**Task directions**. Output every line of the material exactly, omitting images.
-=-=-=-=-
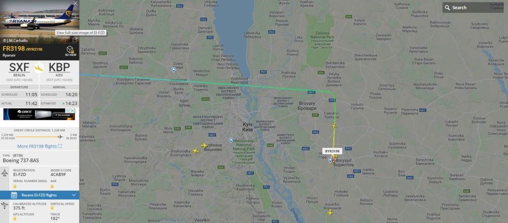 Прилет рейса Ryanair в Киев Фото: flightradar24
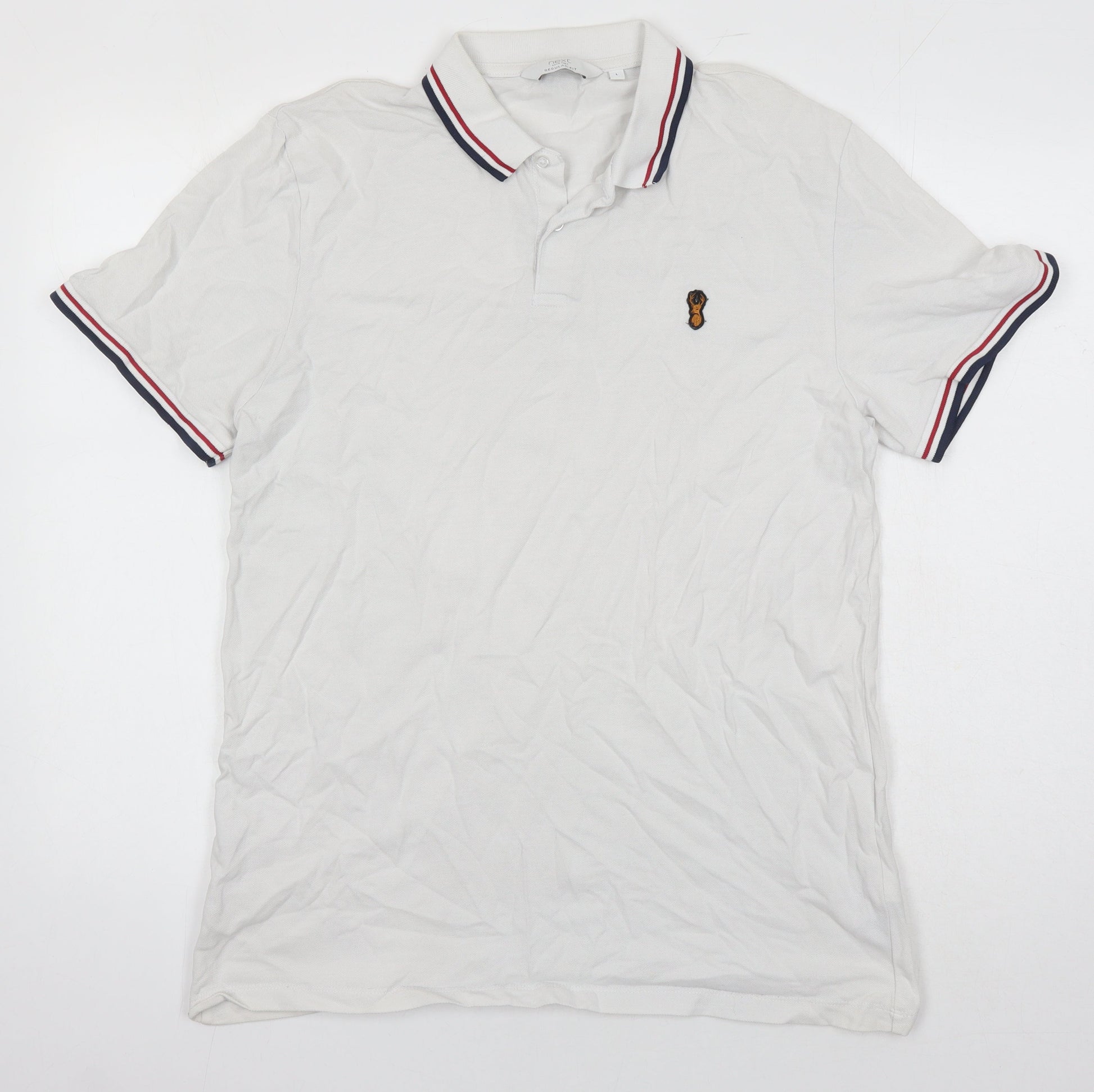 NEXT Mens White Cotton Polo Size L Collared
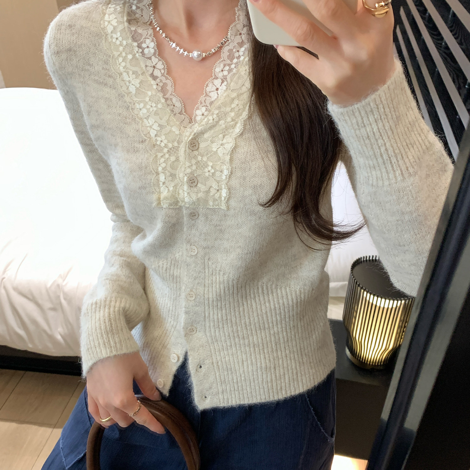 高知miu系蕾丝花边V领羊毛针织毛衣开衫外套女春秋季打底内搭上衣
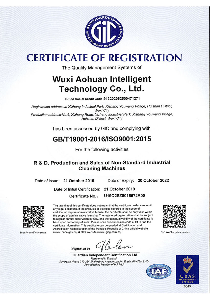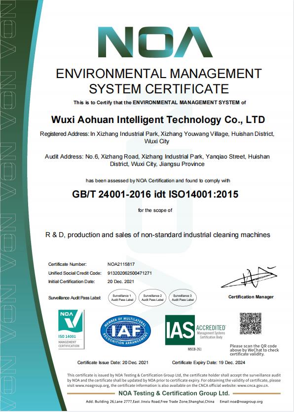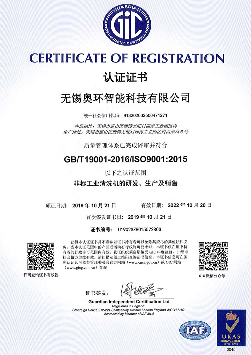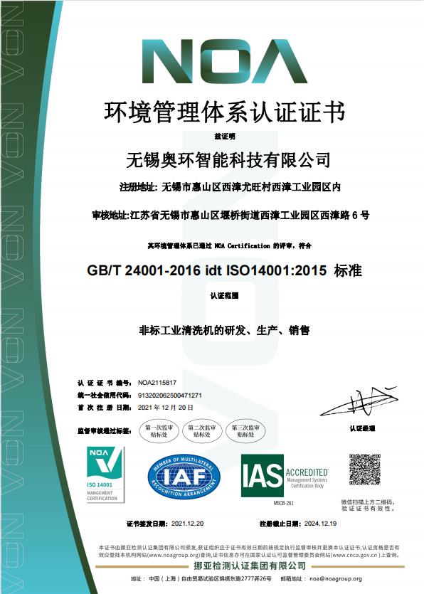 無錫奧環智能科技有限公司是專業從事機器人智能柔性清洗、高壓射流清洗和去毛刺、超聲波清洗、溶劑清洗設備研發、設計、制造、服務和提供工業清洗系統解決方案的科技型公司。公司成立于1990年,深耕工業清洗行業逾30年,積累了深厚的技術儲備。公司清洗及去毛刺設備廣泛應用于汽車工業零部件及其他工業零部件行業,尤其是動力總成系統和傳動系統的精密清洗及去毛刺,并不斷向船舶重工、軌道交通、工程機械和新能源領域拓展。國家級高新技術企業和科技型中小企業、省級創新型中小企業,工信部04級國家科技重大專項“電控共軌柴油噴射系統制造技術與關鍵裝備的研發及應用”子項目“500bar數控多軸聯動高壓清洗去毛刺機”的研發單位。
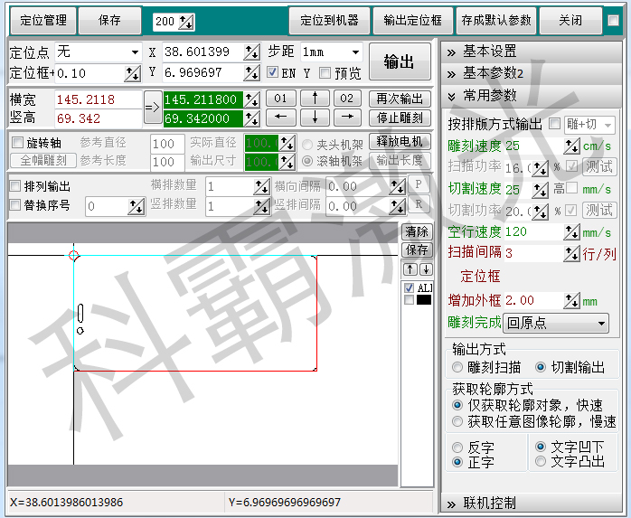 配置:雙軸直線鋼軌軌道 50W正品北京愛普龍激光管(保證正品,假一賠十) 數(shù)顯電流顯示表 帶有水溫顯示 雙急停開關(guān) 升降夾具平臺(tái) 吹氣阻燃系統(tǒng) 紅外定位 蜂窩網(wǎng)狀平臺(tái) 工業(yè)級激光頭 乾城彩屏脫機(jī)系統(tǒng)(支持CoreLaser、CAD直接輸轉(zhuǎn)換輸出) 支持分層分色輸出,斷電續(xù)雕 雕刻+切割一次完成,U盤傳輸文件加工,脫機(jī)工作。
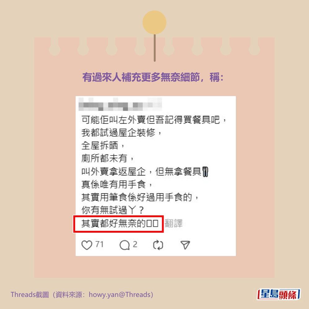 有過來人補充更多無奈細節,稱「可能佢叫咗外賣但唔記得買餐具吧,我都試過屋企裝修,全屋拆晒,廁所都未有,叫外賣拿返屋企,但無拿餐具,真係唯有用手食,其實用筆食係好過用手食的,你有無試過丫?其實都好無奈的」。
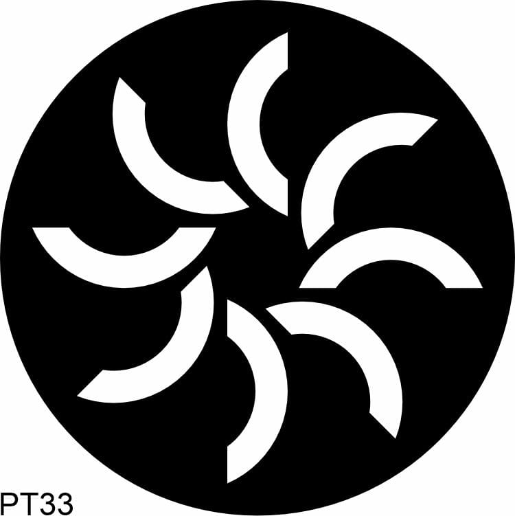 Monochromatyczna wkładka gobo z geometrycznym wzorem.
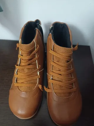 Botines de estilo casual en color marrón. - Cierre de cordones. - Detalle de cremallera lateral. - Diseño tipo botín. Están sin estrenar, las compré por Internet y no lo puedo descambiar
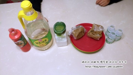 오랜만에 과학실험에 즐거운 사과가 열심히 만들어주고 있는 모습입니다.
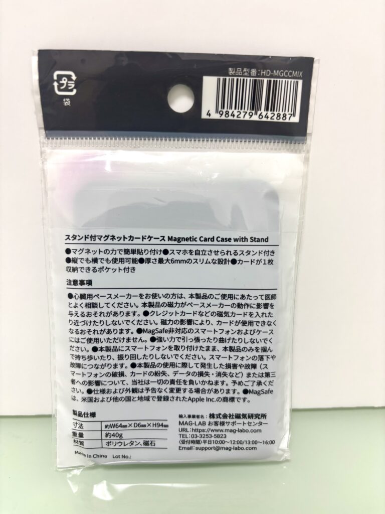 ・仕様:MagSafe対応/縦横両対応スタンド機能付き/カード1枚収納可能
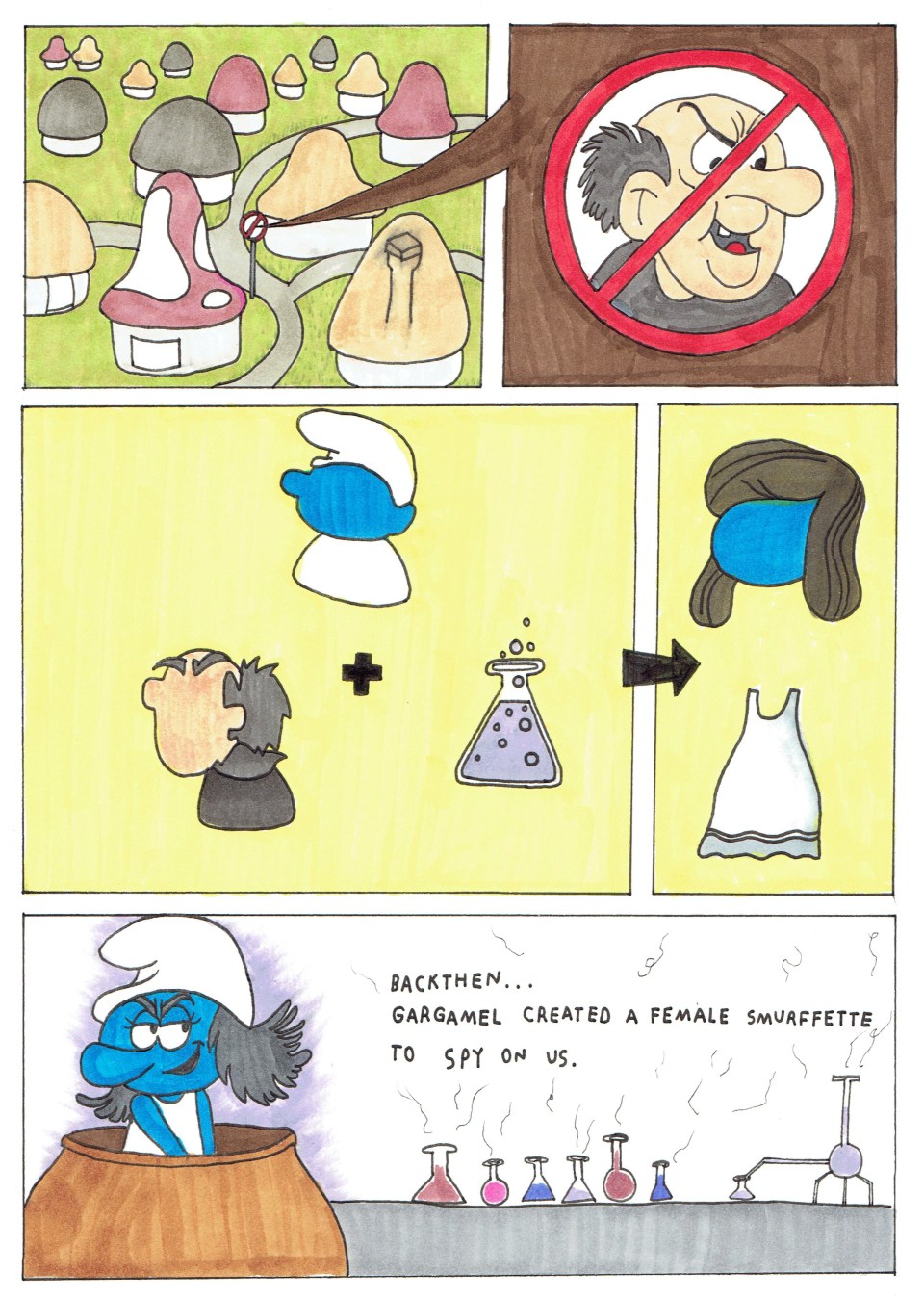 “The Smurfette Origin” Comics (exploring elements from the Semiotics lessons: symbol, icon, connotation; and with a nod to Ibn al Rabin’ silent comics), page 1/3, by 1st year CommDe students Prim, Proud, Pauline, Pop and Suang. March 2018. Based on characters created by Peyo.“The Smurfette Origin” Comics (exploring elements from the Semiotics lessons: symbol, icon, connotation; and with a nod to Ibn al Rabin’ silent comics), page 1/3, by 1st year CommDe students Prim, Proud, Pauline, Pop and Suang. March 2018. Based on characters created by Peyo.“The Smurfette Origin” Comics (exploring elements from the Semiotics lessons: symbol, icon, connotation; and with a nod to Ibn al Rabin’ silent comics), page 1/3, by 1st year CommDe students Prim, Proud, Pauline, Pop and Suang. March 2018. Based on characters created by Peyo.
-=-=-=-=-
**Response box**.
 Прилет рейса Ryanair в Киев Фото: flightradar24
 NEXT Mens White Cotton Polo Size L Collared
 高知miu系蕾丝花边V领羊毛针织毛衣开衫外套女春秋季打底内搭上衣
 無錫奧環智能科技有限公司是專業從事機器人智能柔性清洗、高壓射流清洗和去毛刺、超聲波清洗、溶劑清洗設備研發、設計、制造、服務和提供工業清洗系統解決方案的科技型公司。公司成立于1990年,深耕工業清洗行業逾30年,積累了深厚的技術儲備。公司清洗及去毛刺設備廣泛應用于汽車工業零部件及其他工業零部件行業,尤其是動力總成系統和傳動系統的精密清洗及去毛刺,并不斷向船舶重工、軌道交通、工程機械和新能源領域拓展。國家級高新技術企業和科技型中小企業、省級創新型中小企業,工信部04級國家科技重大專項“電控共軌柴油噴射系統制造技術與關鍵裝備的研發及應用”子項目“500bar數控多軸聯動高壓清洗去毛刺機”的研發單位。
 配置:雙軸直線鋼軌軌道 50W正品北京愛普龍激光管(保證正品,假一賠十) 數(shù)顯電流顯示表 帶有水溫顯示 雙急停開關(guān) 升降夾具平臺(tái) 吹氣阻燃系統(tǒng) 紅外定位 蜂窩網(wǎng)狀平臺(tái) 工業(yè)級激光頭 乾城彩屏脫機(jī)系統(tǒng)(支持CoreLaser、CAD直接輸轉(zhuǎn)換輸出) 支持分層分色輸出,斷電續(xù)雕 雕刻+切割一次完成,U盤傳輸文件加工,脫機(jī)工作。
 有過來人補充更多無奈細節,稱「可能佢叫咗外賣但唔記得買餐具吧,我都試過屋企裝修,全屋拆晒,廁所都未有,叫外賣拿返屋企,但無拿餐具,真係唯有用手食,其實用筆食係好過用手食的,你有無試過丫?其實都好無奈的」。
 Monochromatyczna wkładka gobo z geometrycznym wzorem.
 Botines de estilo casual en color marrón. - Cierre de cordones. - Detalle de cremallera lateral. - Diseño tipo botín. Están sin estrenar, las compré por Internet y no lo puedo descambiar
 오랜만에 과학실험에 즐거운 사과가 열심히 만들어주고 있는 모습입니다.
 ・仕様:MagSafe対応/縦横両対応スタンド機能付き/カード1枚収納可能
 “The Smurfette Origin” Comics (exploring elements from the Semiotics lessons: symbol, icon, connotation; and with a nod to Ibn al Rabin’ silent comics), page 1/3, by 1st year CommDe students Prim, Proud, Pauline, Pop and Suang. March 2018. Based on characters created by Peyo.“The Smurfette Origin” Comics (exploring elements from the Semiotics lessons: symbol, icon, connotation; and with a nod to Ibn al Rabin’ silent comics), page 1/3, by 1st year CommDe students Prim, Proud, Pauline, Pop and Suang. March 2018. Based on characters created by Peyo.“The Smurfette Origin” Comics (exploring elements from the Semiotics lessons: symbol, icon, connotation; and with a nod to Ibn al Rabin’ silent comics), page 1/3, by 1st year CommDe students Prim, Proud, Pauline, Pop and Suang. March 2018. Based on characters created by Peyo.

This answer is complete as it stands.